Project-Based Learning for Global Climate Justice leverages Penn GSE’s expertise in project-based learning with University-wide expertise in the scientific and economic issues related to climate change. Participating teachers undertook projects with their students—many of which are still ongoing—exploring everything from local agriculture and food assistance during natural disasters to the effects of climate change on local plants. (The latter of which was the project of one of the local Philadelphia participants: Nicholas WhitefeatherManning.)

“We're supporting educators to pursue ambitious and authentic approaches to teaching and learning,” says Zachary Herrmann, executive director of the Center for Professional Learning. “A program like this can help teachers align their values and goals as educators with their actual practice and connects them with similarly passionate educators across the globe, since we have participants across five continents so far. These teachers are forming powerful networks and communities that can be used to share resources, give and receive coaching and feedback, and learn alongside each other as they implement their projects.”

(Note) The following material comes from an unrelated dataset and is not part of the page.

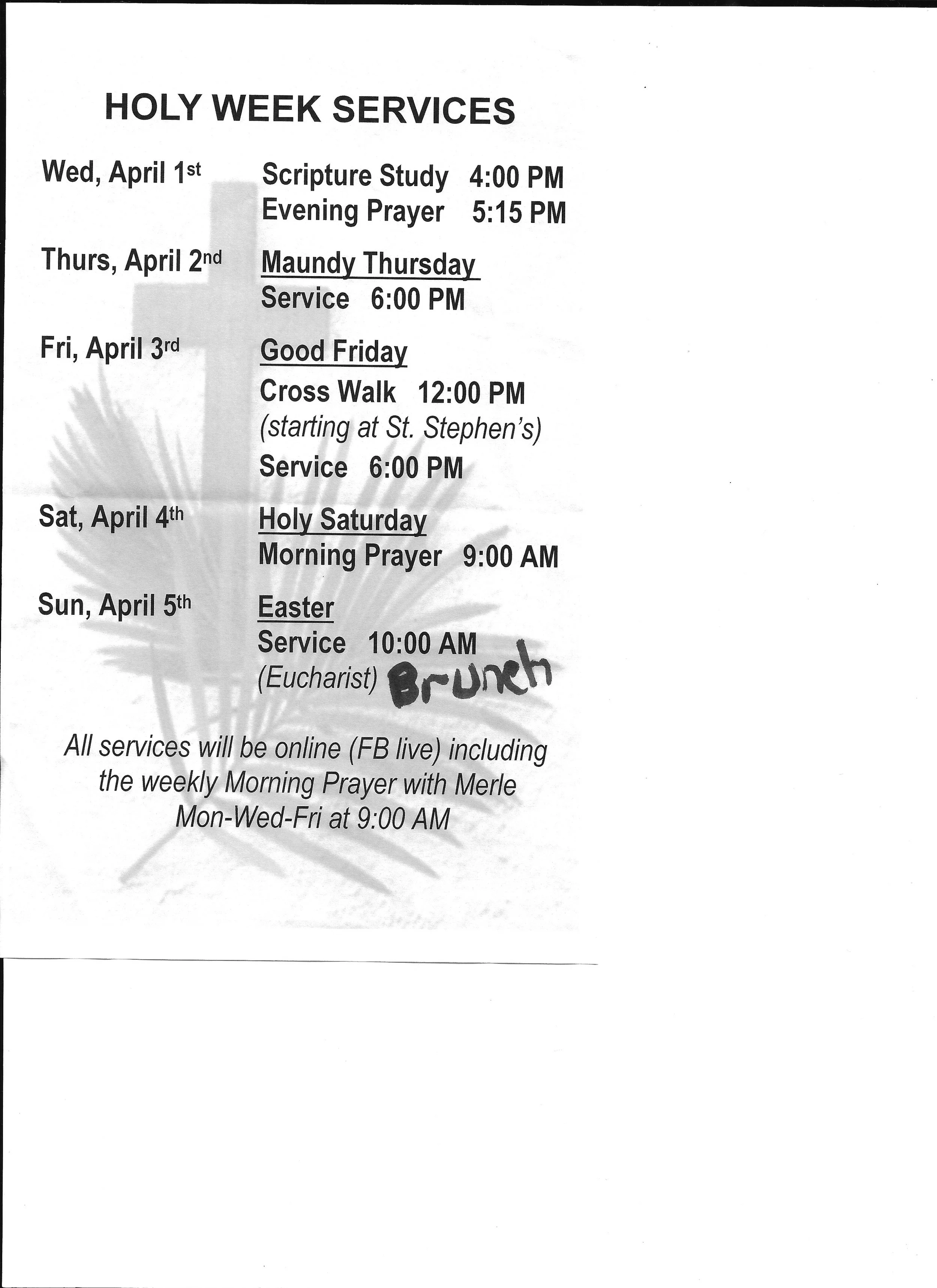 And of course, all of our services will be on live on Friends of St. Stephen’s, a private group on Facebook
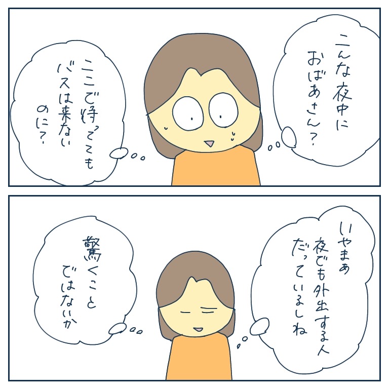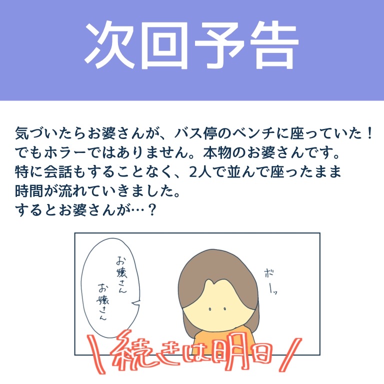 深夜のお婆さん2【稲漫画】 オリジナル漫画 2023年9月26日 前回のお話はこちら 深夜のお婆さん1【稲漫画】 中学時代から7年間付き合っていた彼と別れた帰り道、終バスにも乗らず深夜一人でベンチに座り込んでいると、隣に一人のお婆さんが。 「なぜこんな深夜に?」と思いながらお互いのことを話していると、お婆さんが深夜に一人外出していた理由が明らかになり…。©稲 稲さんの連載一覧はこちら! 毎日更新!サラリーウーマン稲のエッセイ漫画 毎日更新!サラリーウーマン稲のエッセイ漫画 こちらのLovely漫画もおすすめ♡ 彼の気持ちの先は…?【Lovely漫画】 配信アプリで仲良くなった彼。彼には気になる子がいて…©on/エピソード:ゆうぽん 優しさ×愛情のお弁当♡【Lovely漫画】 昨日は教室にお弁当箱を忘れて、お小遣いもピンチだから今日はお昼抜き…。空腹に耐えていたら、隣のクラスの彼氏が「屋上に行こう」と…。©倖/エピソード:モル インターホン押したのだぁれ? 1【magari漫画】 フォロワーさんが実際に体験したおはなし ©magari ライター 稲 エッセイ漫画を描くサラリーウーマン!Instagram【@inasan_mainichi】 目次Related article / 関連記事 オリジナル漫画 メンヘラ彼氏にサヨナラ【Lovely漫画】 ©みんみ 2022年3月29日 オリジナル漫画 年下イケメン彼氏に翻弄されるオンナの毎日#3【Lovely漫画】 ©みんみ 2022年3月29日 オリジナル漫画 2人暮らしのゆる家事日記~気まぐれ旦那の献立作りの巻き~後編【Lovely漫画】 ©みんみ 2022年3月29日 オリジナル漫画 年下イケメン彼氏に翻弄されるオンナの毎日#1【Lovely漫画】 ©みんみ「初めての○○の話 前編」 2022年3月29日 オリジナル漫画 年下イケメン彼氏に翻弄されるオンナの毎日#2【Lovely漫画】 ©みんみ「初めての○○の話 後編」 2022年3月29日 オリジナル漫画 よかったらシェアしてね! URLをコピーしました! URLをコピーしました! 口説いてきた人は○○だった10【稲漫画】 歴代ディズニー映画おすすめランキングTOP28!実写・アニメ別【2023年】

Hausburg and Herrmann were excited by the results of the program’s first year and were accepted to share it last December at the International Conference on Inclusive Education and Project-Based Learning for Peace and Development at the United Nations in Geneva, Switzerland. Their presentation was well-received, and now the Center for Professional Learning team is parsing the data from last year’s participants in preparation for a new cohort of the program this fall. The team continues to forge new domestic and international partnerships to build their growing community of educators committed to bringing global climate justice into classrooms—and out into the world.